Exploring Mixing Thresholds in Asteroseismic Stellar Evolution Models

TL;DR

This paper investigates how the choice of mixing threshold in stellar models affects asteroseismic predictions, recommending a lower threshold for more accurate and continuous stellar evolution simulations.

Contribution

It provides a detailed analysis of the impact of the overshoot_D_min parameter on stellar models, proposing a specific lower value for improved accuracy.

Findings

Lowering overshoot_D_min to 10^{-2} cm^2/s improves model continuity.

Default MESA value causes discontinuous stellar evolution.

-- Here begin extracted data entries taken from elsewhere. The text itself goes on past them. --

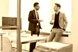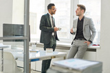 Full length portrait of two young business people chatting during coffee break, one of them Middle-Eastern
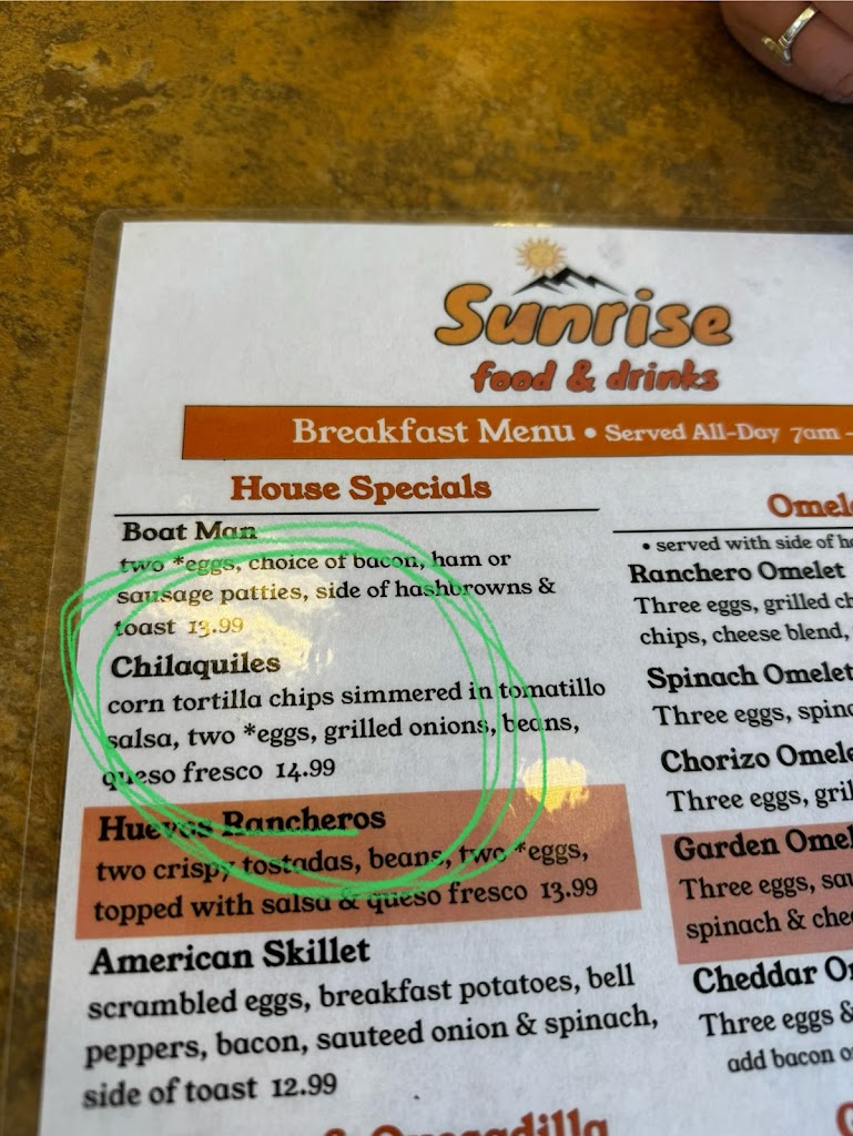 Me and my grandma had a great time here! The food and the service was super fast. I We enjoyed the Boat breakfast and the Chiliquiles!
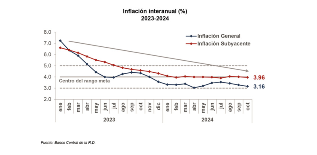 The Central Bank of the Dominican Republic (BCRD) reported that the country’s annual inflation rate decreased to 3.16% in October 2024, down from 3.29% in September. This latest figure marks 11 consecutive months within the Central Bank’s target range of 4.0% ± 1.0%.
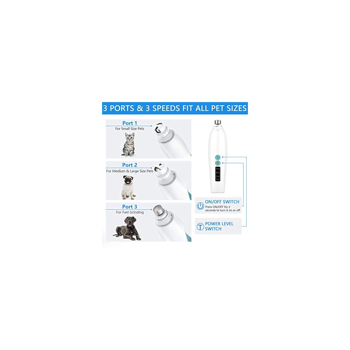 SUITABLE FOR ALL KINDS OF PETS: This professional pet nail grinder has 3 grinding ports and a 3-speed adjustment switch, which is suitable for small, medium and large pets with different sizes of nails. You can choose the appropriate port and speed according to your pet’s size and nail hardness. Please note to take off the grinder cover before use if you want to grind your pet’s nail quickly.
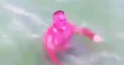 節目意外拍到「紫色龍蝦人」在游泳 網譏:上岸就知道有多痛
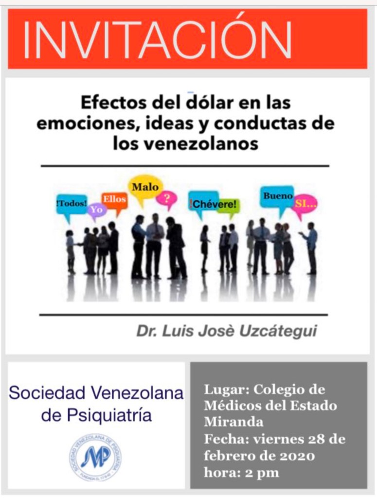 Muchas gracias a la junta directiva de la Sociedad Venezolana de Psiquiatria por la invitación a presentar la conferencia “Efectos del dólar en las emociones, ideas y conductas de los venezolanos”, a continuación una corta síntesis de la conferencia.
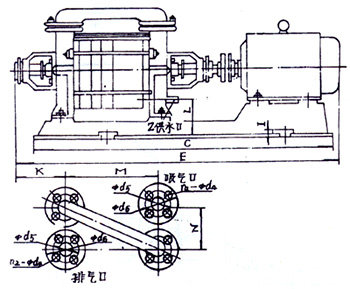 2SK水環真空泵的真空度和抽氣量(liàng)可通過管路上的(de)閘閥來調節。圖中未畫出(chū)。用戶自行安裝。
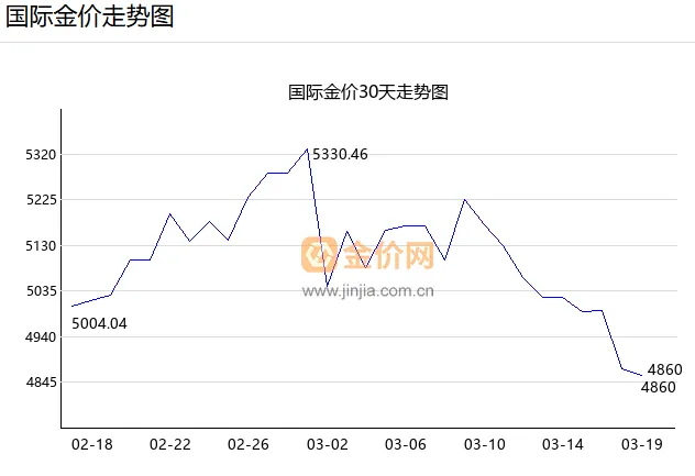 2026年3月19日黄金价格涨跌行情最新消息:油价狂飙,金价银价等贵金属价格大跳水,现货黄金一度跌逾3%,触及4834.62美元的低点,跌至一个多月来的最低水平。现货白银一度跌逾4%,创一个月来新低;布伦特原油一度突破107美元/桶。铂金和钯金价格同步下跌。美联储将基准利率维持在3.50%-3.75%不变,连续第二次按兵不动,符合市场预期。美联储维持2026年降息一次、2027年降息一次的预测。截至2时1分,现货黄金下跌2.31%至每盎司4889.2美元,现货白银下跌2.86%至每盎司76.99美元,现货铂金下跌2.77%至每盎司2063美元,现货钯金下跌4.82%至每盎司1526.1美元。黄金实时价格1081元,白银实时价格18.76元,铂金实时价格467.2元,钯金实时价格335.3元。 扫描上方二维码-查看实时金价行情!

Optimal threshold enhances asteroseismic model reliability.

Abstract

Inferences from observations clearly show that mixing in stars extends beyond the convective boundaries defined by mixing length theory. This triggered the proposal of a variety of prescriptions to include additional mixing in stellar models. These prescriptions typically introduce free parameters to set the extent of the additional mixing and may also introduce numerical parameters. In the case of exponential overshooting, one must decide the threshold at which the exponential decay of the mixing coefficient can be treated as zero. Using the MESA stellar evolution code, I explore the effect of varying this parameter on asteroseismic models of main-sequence stars with growing convective cores. From this, I conclude that overshoot_D_min should be set to $10^{-2}$ cm$^2$/s or lower for these stars. The default value in MESA is four orders of magnitude higher than this recommendation, which results in discontinuous evolution.